The proof goes by cases. The case that $m$ is even has been handled, and now we are in the opposite case where $m$ is odd, so $m=2j+1$ where $j$ is given to us as an integer. (Note: proofs in different cases are independent of each other; the proof in one of the cases does not have to be "exhaustive", i.e. it does not have to apply to the other case).

The equation $n=2(k-jn)$ has been derived from those assumptions using the laws of algebra, it is perfectly valid, and $j,k,n$ are all integers, by assumption.

Perhaps you are confused because it looks like this equation is being used to "solve for $n$", but that's not what is happening in this proof. The quantity $n$ is not being defined by this equation $n=2(k-jn)$. Instead, $n$ has already been given to us as an integer, at the very beginning of the proof.

All that's happening with the equation $n=2(k-jn)$ is that $n$ is being expressed as a product of $2$ times another integer, that integer being $k-jn$. Since $2$ times any integer is an even integer, we may conclude (in the case that $m$ is odd) that $n$ is an even integer.

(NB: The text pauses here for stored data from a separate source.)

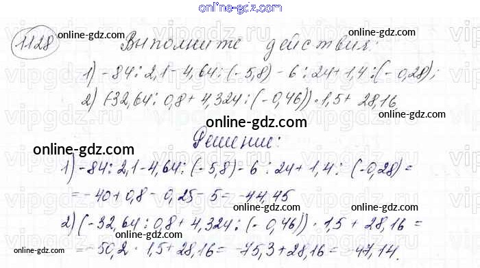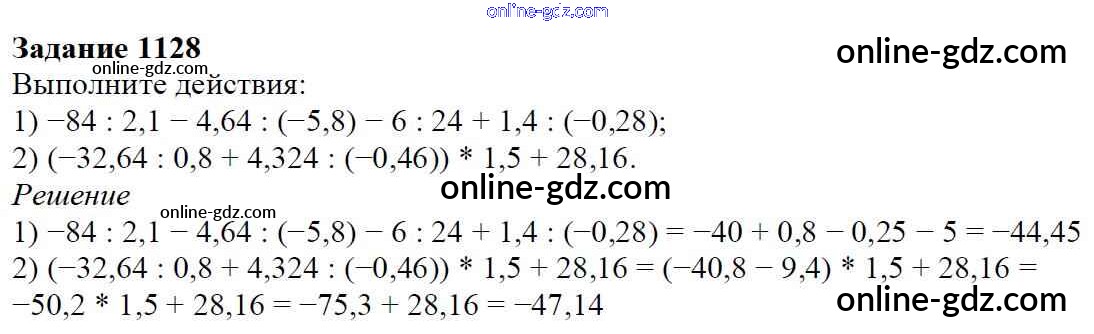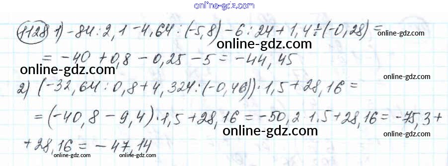 Готовые домашние задания по Математике за 6 класс Учебник Мерзляк, Полонский Алгоритм успеха 2016 - Глава 4. Рациональные числа и действия над ними (упражнения) 1128
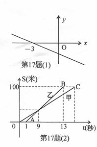 17、(1) 如图是函数 y=kx+b 的图象 , 它与 x 轴的交点坐标
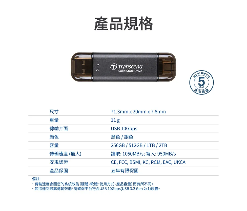 如欲達到最高傳輸效能,請確保平台符合USB 10Gbps(USB 3.2 Gen 2x1)規格。
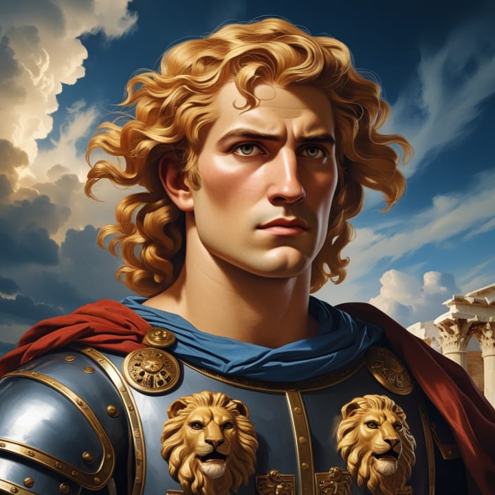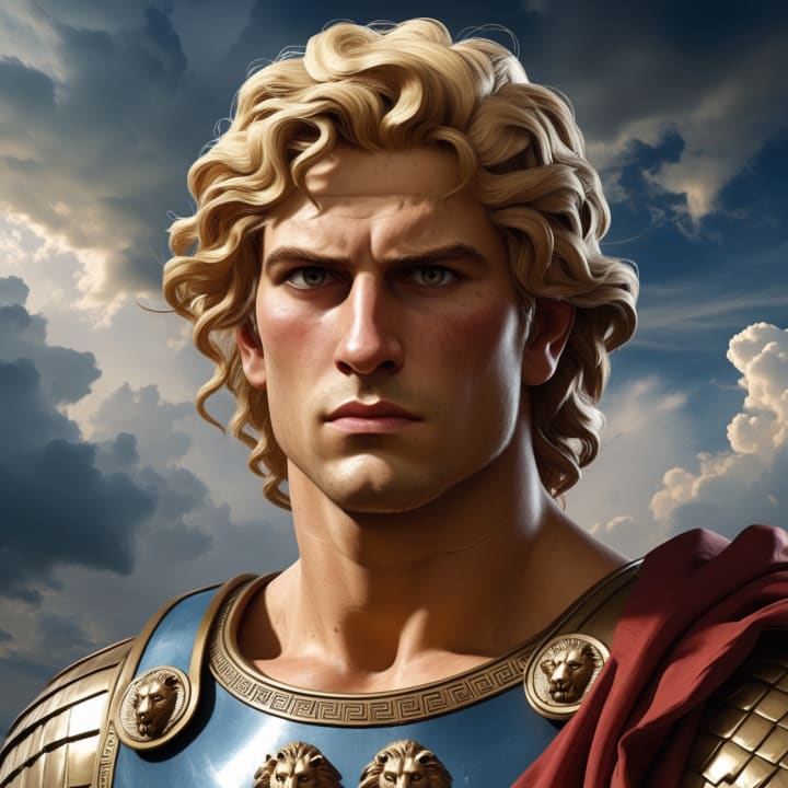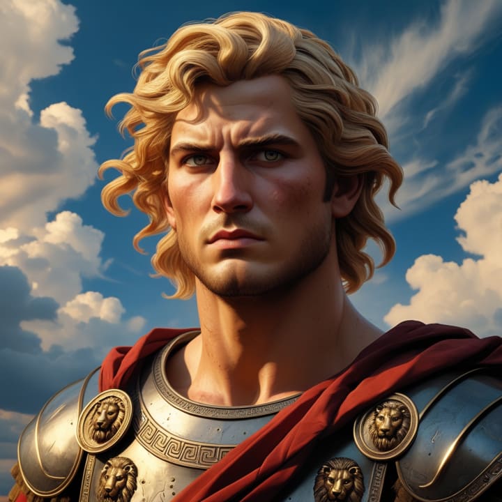 This portrait captures Alexander the Great as a young and determined warrior. With wavy golden-blond hair, piercing eyes, and a strong, well-defined facial structure, he exudes power and confidence. His Greek-style breastplate with lion motifs symbolizes his strength and divine lineage. The dramatic sky in the background reflects his legendary conquests and enduring legacy.
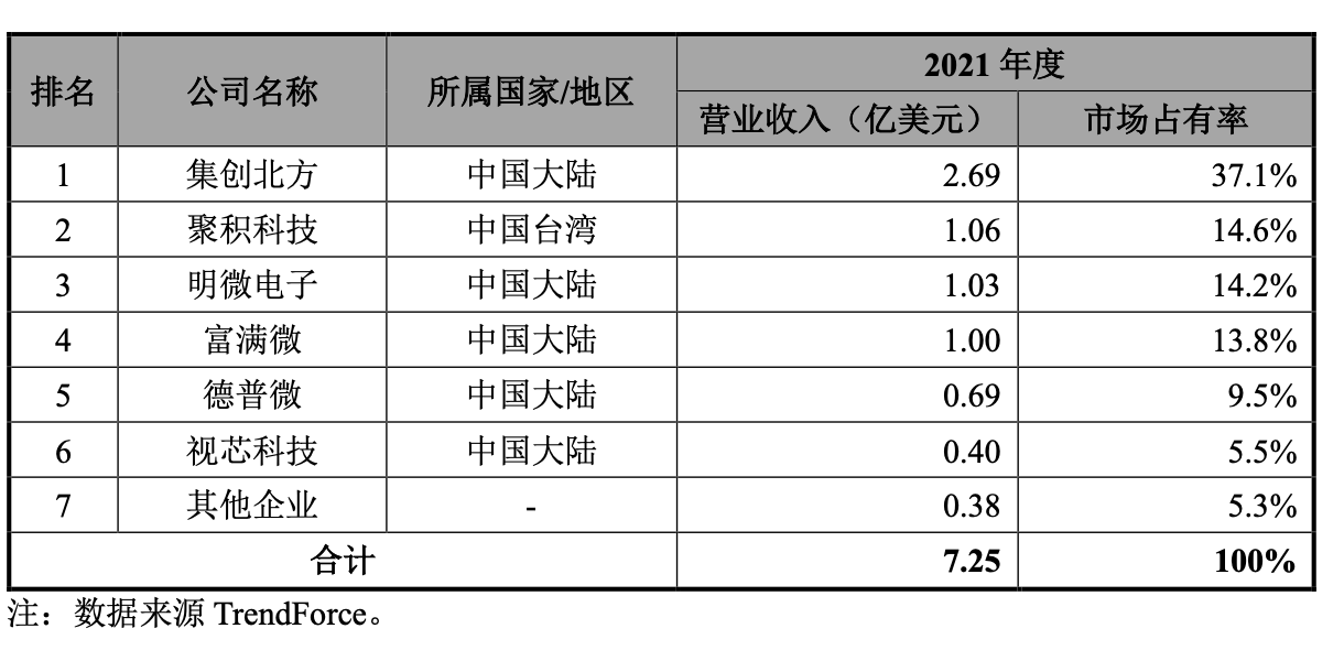 根据TrendForce数据,2021年全球LED显示驱动芯片营收排名前六的厂商分别为集创北方、聚积科技、明微电子(688699.SH)、富满微(300671.SZ)、德普微和视芯科技,合计市场占有率近95%。 其中,视芯科技的市场占有率为5.5%,市场排名第6。

Let me attempt to emphasize the point by an extreme example. If you did not already believe that $4$ is an even integer, I could perhaps convince you by writing the equation $$4 = 2(34 - 8 \cdot 4) $$ which expresses $4$ as a product of $2$ times another integer, that integer being $34 - 8 \cdot 4$. I do not ask that you do the arithmetic to discover exactly which integer $34 - 8 \cdot 4$ happens to equal, instead I ask you to understand that the result of multiplying two integers and subtracting them from another integer is always an integer.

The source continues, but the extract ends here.